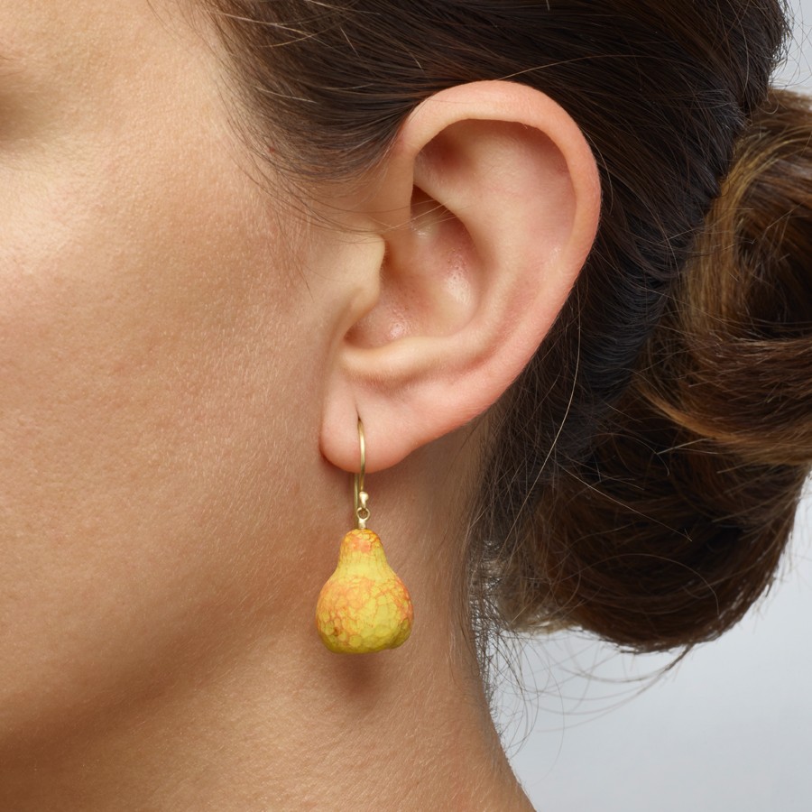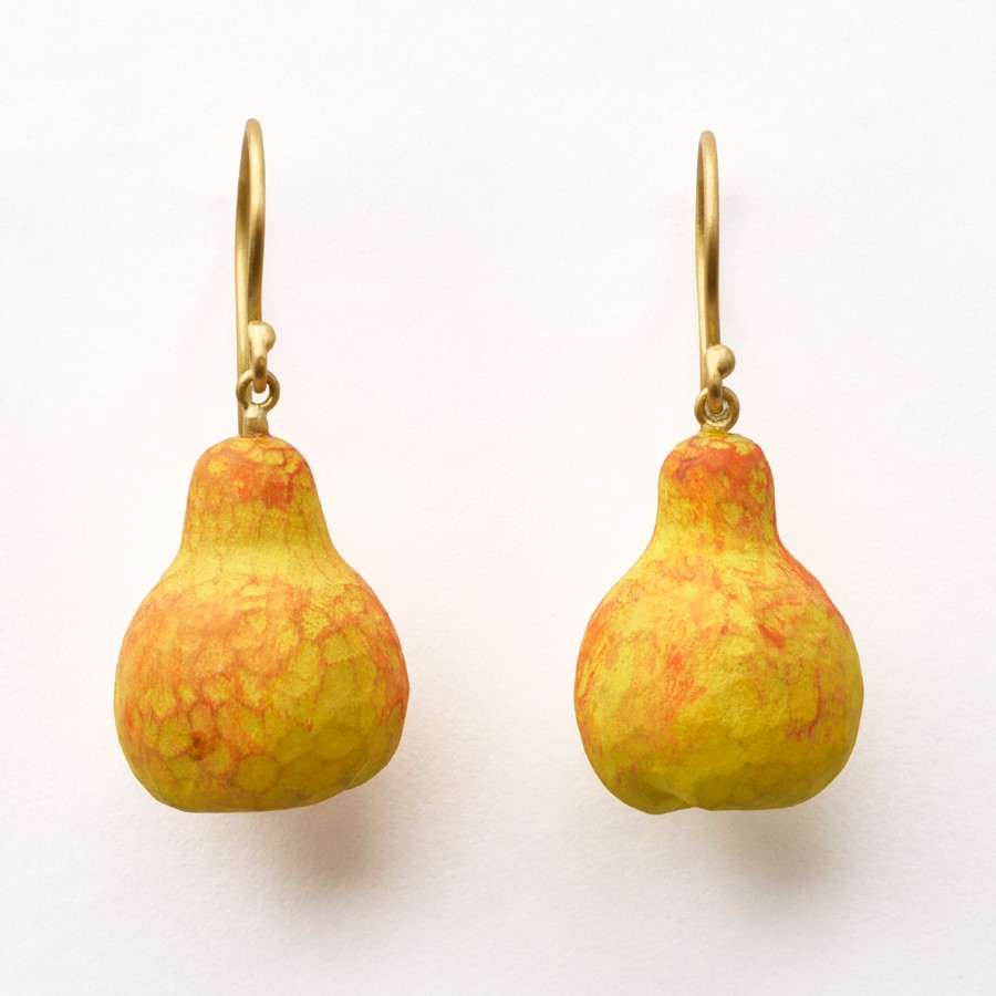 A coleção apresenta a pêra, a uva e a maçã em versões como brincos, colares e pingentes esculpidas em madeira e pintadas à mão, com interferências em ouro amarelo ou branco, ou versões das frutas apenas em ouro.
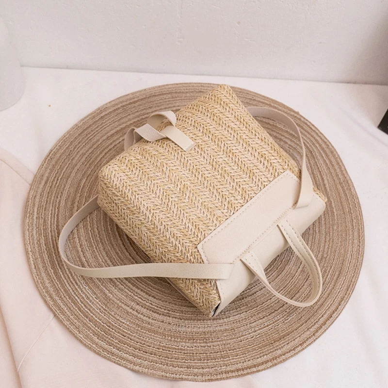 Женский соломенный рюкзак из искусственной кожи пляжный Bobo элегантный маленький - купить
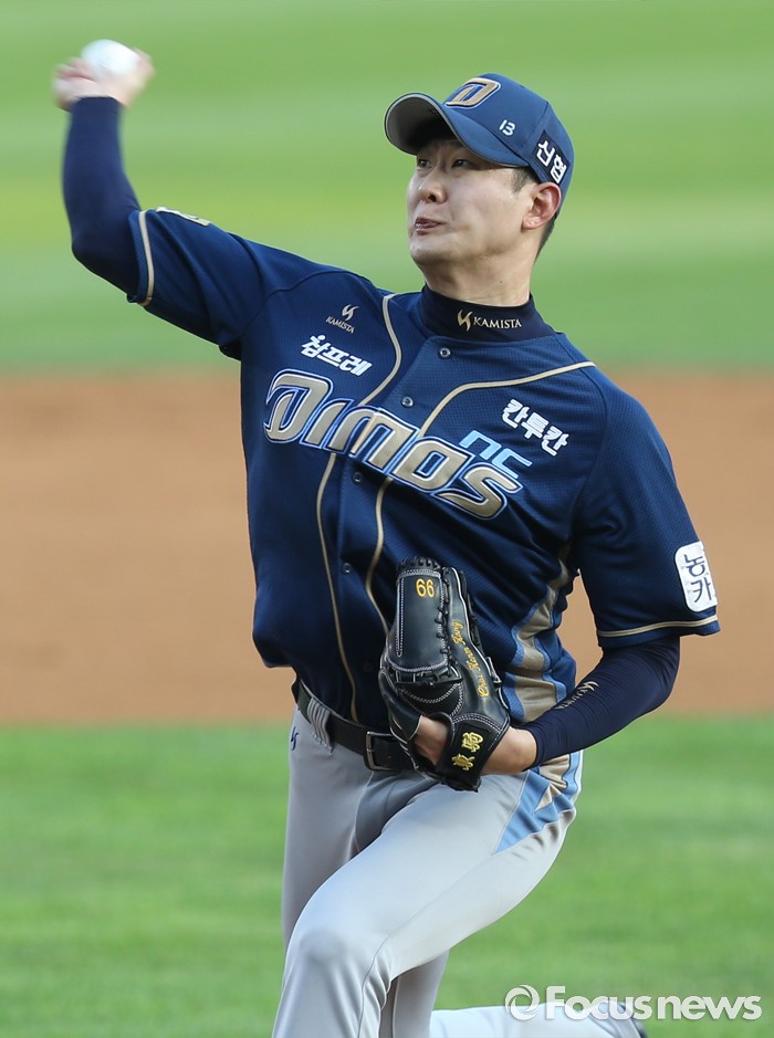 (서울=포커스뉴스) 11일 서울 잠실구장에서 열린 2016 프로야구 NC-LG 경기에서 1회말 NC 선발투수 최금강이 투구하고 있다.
■ ■ ■ ■ ■ ■ ■
● **Problem requirements**
All of the preceding material should be output verbatim, with the pictures excluded.

● **Reply**
 A coleção apresenta a pêra, a uva e a maçã em versões como brincos, colares e pingentes esculpidas em madeira e pintadas à mão, com interferências em ouro amarelo ou branco, ou versões das frutas apenas em ouro.
 Женский соломенный рюкзак из искусственной кожи пляжный Bobo элегантный маленький - купить
 (서울=포커스뉴스) 11일 서울 잠실구장에서 열린 2016 프로야구 NC-LG 경기에서 1회말 NC 선발투수 최금강이 투구하고 있다.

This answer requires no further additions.